→ Data block:
#####
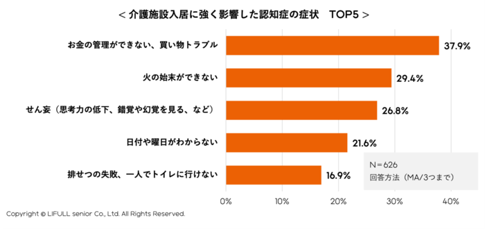 「認知症の症状があった」と答えた人に、介護施設入居に強く影響した認知症の症状を3つ聞いたところ、以下のような結果になりました。
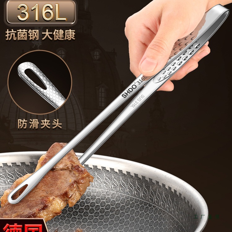 特厚不锈钢316食品夹子厨房食物烧烤加厚面包家用牛排烘焙烤肉
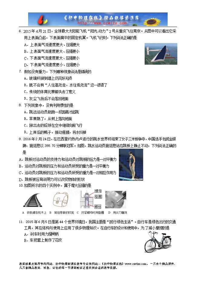 6. 2015年4月21日,全球最大太阳能飞机“阳光-动力”2号从重庆飞往南京。从图中可以看出它采用上表面凸起,下表面扁平的固定机翼。飞机飞行时,下列说法正确的是
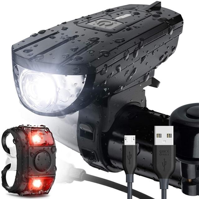 LED自転車ヘッドライトUSB充電式警告カエルランプテールライトセット
#####
→ To do: Print the material above verbatim, no images.

→ Solution to the problem:
 「認知症の症状があった」と答えた人に、介護施設入居に強く影響した認知症の症状を3つ聞いたところ、以下のような結果になりました。
 特厚不锈钢316食品夹子厨房食物烧烤加厚面包家用牛排烘焙烤肉
 6. 2015年4月21日,全球最大太阳能飞机“阳光-动力”2号从重庆飞往南京。从图中可以看出它采用上表面凸起,下表面扁平的固定机翼。飞机飞行时,下列说法正确的是
 LED自転車ヘッドライトUSB充電式警告カエルランプテールライトセット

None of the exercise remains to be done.